「奨学金2400万円」の医学部生も。“借りる大学生”の実態を取材した結果
「奨学金は自己投資」なのか?
――奨学金は自己投資という言葉が出てきますが、大卒者の競争が激しい傾向は世界的にあるなかで、実際のところ元は取りやすいんでしょうか。
千駄木:日本の場合、とくに東京の一般企業で働く上では大卒になると選択肢が格段に広がるので、奨学金制度の経済合理性はあるかと思います。例えばアメリカは高校まで義務教育で、公共教育ということで学費の安い公立や州立の大学がたくさんあります。そのため、日本の高校に上がる感覚でコミュニティカレッジに進みますが、結局、私立に進まないとそれなりの職に就けないし、とんでもなくその学費が高いという。
――アメリカも大卒プアのような人がたくさんいるということですか?
千駄木:コミュニティカレッジが日本の高校みたいな位置付けなので、単純に比べられないところもありますけどね。その一方で、日本はどんな大学でも大卒カードさえ手に入れれば、基本はスタート地点につけるし、人生の転機になりやすい。
なので、まずは奨学金を借りてでも、大卒カードを得ることは多くの人の場合、やはり妥当かなと。新卒でも「学歴重視」から「経験・スキルを重視すべき」という議論が日本でありますが、奨学金を借りて大学進学した人からすると、やってられない話だと思います。

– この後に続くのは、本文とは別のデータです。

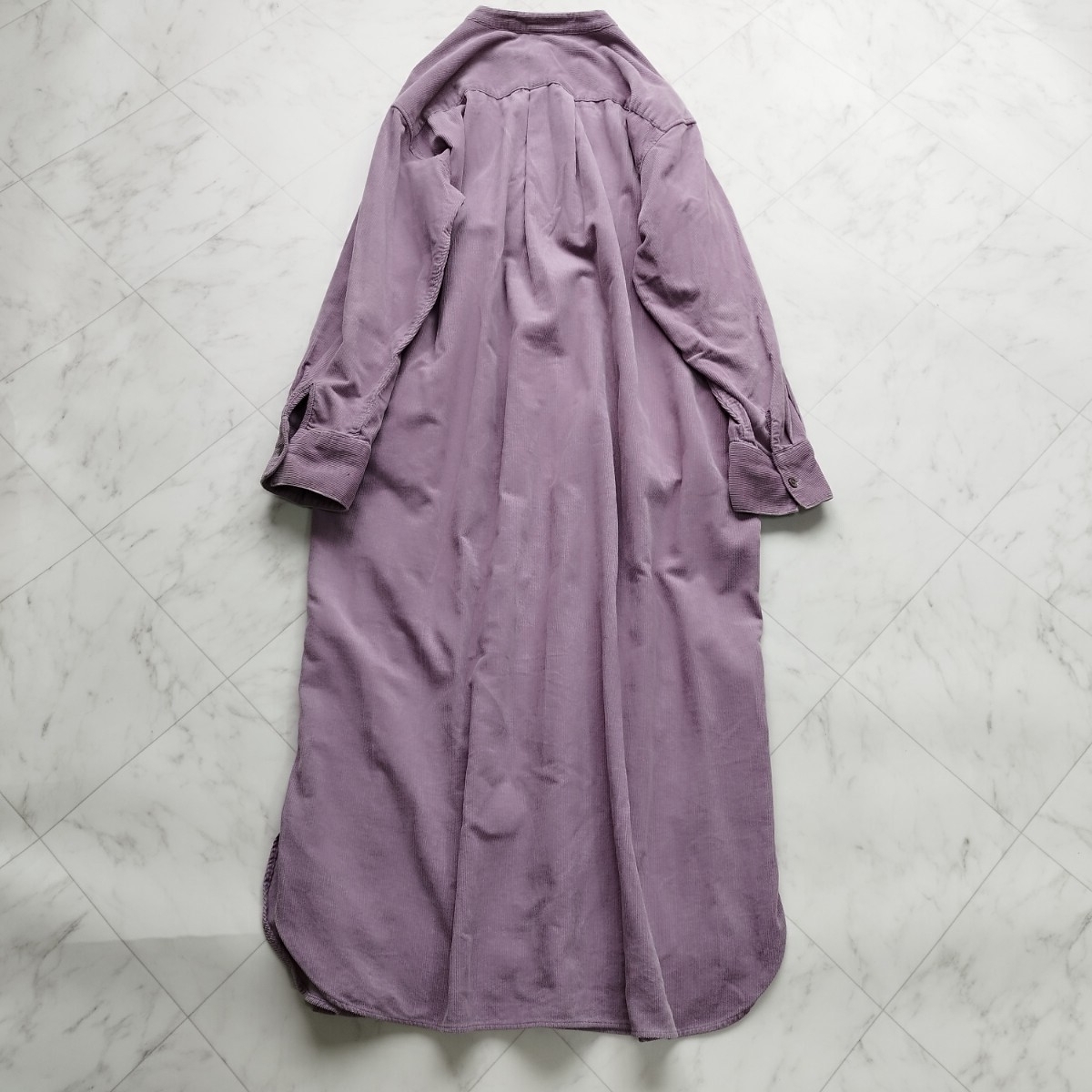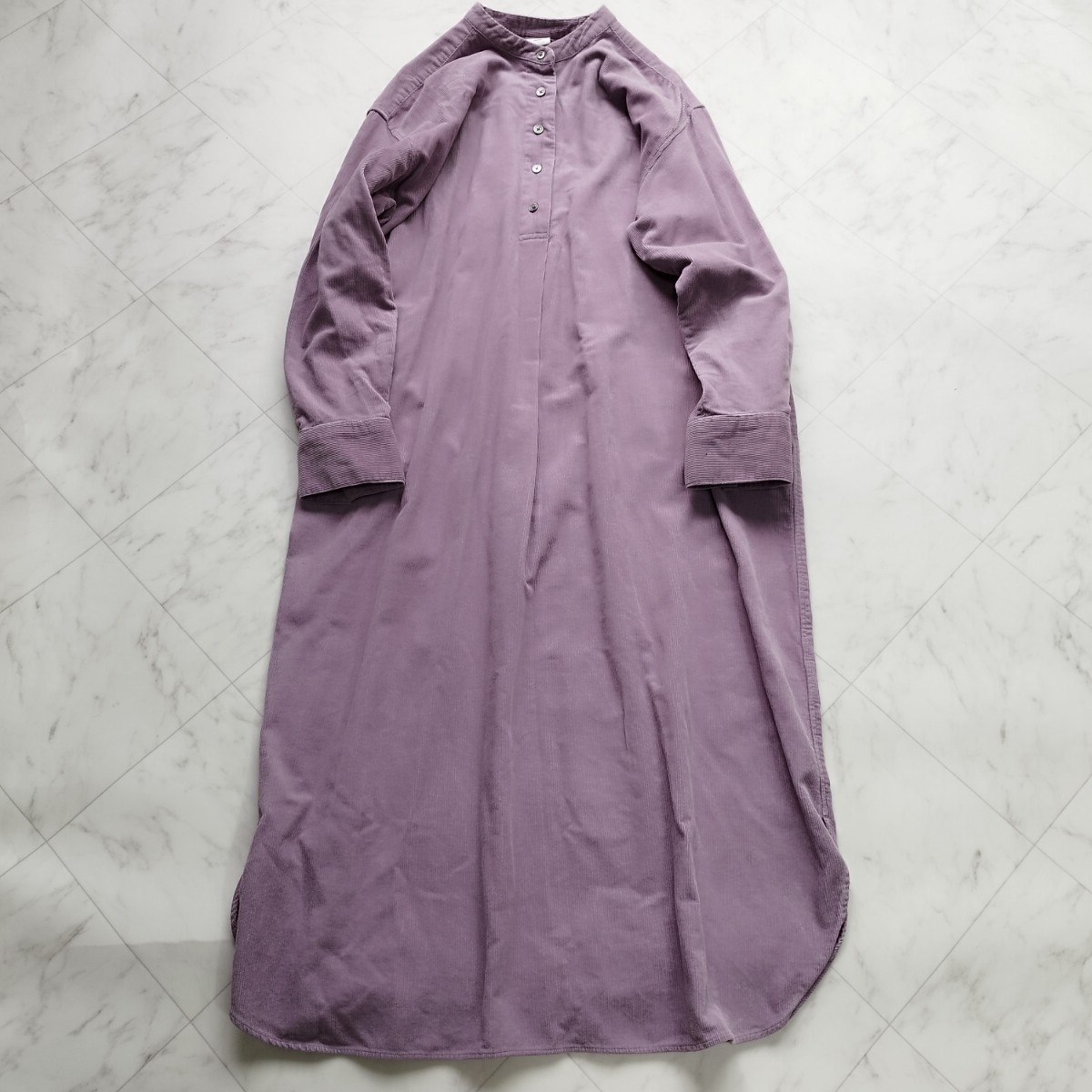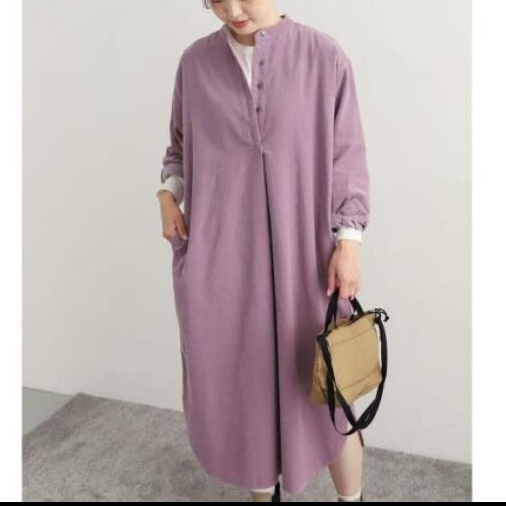 季節を感じさせる膨らみのあるコーデュロイ生地で、ノーカラーのシンプルなワンピース

実家が太い人が勝ちやすくなるので。
「地元の国公立大学を目指せ」は…
――やはり日本は国公立の学費が高くなっている問題はひとつありそうですね。
千駄木:東京の有名私大だと独自に地方出身者向けの給付型奨学金も充実していて、本人の希望や状況によっても奨学金制度の選択肢はだいぶ変わってくる。なので、単純に「金がないなら地元の国公立大学を目指せ」というアドバイスは、現状では適切じゃない気がします。